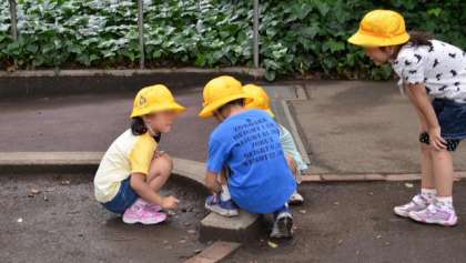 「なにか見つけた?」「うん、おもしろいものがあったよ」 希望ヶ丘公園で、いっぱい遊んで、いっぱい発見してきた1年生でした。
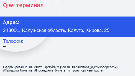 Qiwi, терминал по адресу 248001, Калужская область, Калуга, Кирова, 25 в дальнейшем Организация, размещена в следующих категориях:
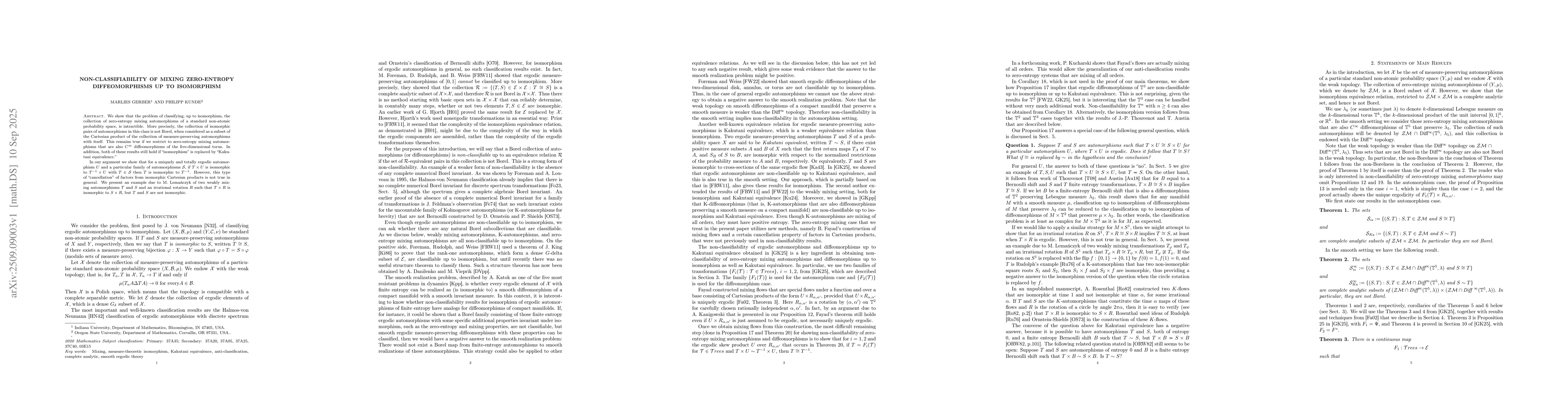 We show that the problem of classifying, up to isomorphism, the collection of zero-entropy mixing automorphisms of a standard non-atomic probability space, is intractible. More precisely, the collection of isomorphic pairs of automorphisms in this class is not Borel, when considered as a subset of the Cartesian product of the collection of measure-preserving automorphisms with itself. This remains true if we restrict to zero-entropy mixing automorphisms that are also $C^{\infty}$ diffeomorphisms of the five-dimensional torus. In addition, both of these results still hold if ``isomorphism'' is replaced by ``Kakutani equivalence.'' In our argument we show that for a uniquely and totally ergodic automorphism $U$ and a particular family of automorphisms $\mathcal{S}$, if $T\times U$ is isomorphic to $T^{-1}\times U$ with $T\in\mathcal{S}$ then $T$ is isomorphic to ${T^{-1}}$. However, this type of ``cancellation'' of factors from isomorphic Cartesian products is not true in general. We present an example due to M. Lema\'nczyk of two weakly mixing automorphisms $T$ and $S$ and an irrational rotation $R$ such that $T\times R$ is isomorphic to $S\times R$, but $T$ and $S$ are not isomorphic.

==

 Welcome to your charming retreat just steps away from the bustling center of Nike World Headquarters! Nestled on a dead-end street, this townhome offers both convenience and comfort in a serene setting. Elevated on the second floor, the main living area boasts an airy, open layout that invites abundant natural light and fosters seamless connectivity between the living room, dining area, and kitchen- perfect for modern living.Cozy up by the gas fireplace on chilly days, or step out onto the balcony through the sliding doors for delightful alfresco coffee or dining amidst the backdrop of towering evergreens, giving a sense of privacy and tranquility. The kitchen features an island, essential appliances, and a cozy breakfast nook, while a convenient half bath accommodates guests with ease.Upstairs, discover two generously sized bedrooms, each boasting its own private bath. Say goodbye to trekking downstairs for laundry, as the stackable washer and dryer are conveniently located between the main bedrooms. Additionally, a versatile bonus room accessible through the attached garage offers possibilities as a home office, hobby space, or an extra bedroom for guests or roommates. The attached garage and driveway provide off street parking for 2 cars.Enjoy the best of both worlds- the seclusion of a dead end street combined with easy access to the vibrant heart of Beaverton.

* * *

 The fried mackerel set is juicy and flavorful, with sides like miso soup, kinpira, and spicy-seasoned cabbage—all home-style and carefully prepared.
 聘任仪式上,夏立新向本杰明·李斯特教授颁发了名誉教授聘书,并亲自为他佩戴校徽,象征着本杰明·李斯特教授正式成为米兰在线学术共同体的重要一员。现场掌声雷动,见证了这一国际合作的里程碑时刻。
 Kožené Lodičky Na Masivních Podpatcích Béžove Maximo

• [PROBLEM TO WORK ON]:
Which lines above run from the one containing "聘任仪式上,夏立新向本杰明·" to the one containing "Kožené Lodičky Na"? Give them again exactly, both ends included.

• [ANSWER TO THIS PROBLEM]:
 聘任仪式上,夏立新向本杰明·李斯特教授颁发了名誉教授聘书,并亲自为他佩戴校徽,象征着本杰明·李斯特教授正式成为米兰在线学术共同体的重要一员。现场掌声雷动,见证了这一国际合作的里程碑时刻。
 Kožené Lodičky Na Masivních Podpatcích Béžove Maximo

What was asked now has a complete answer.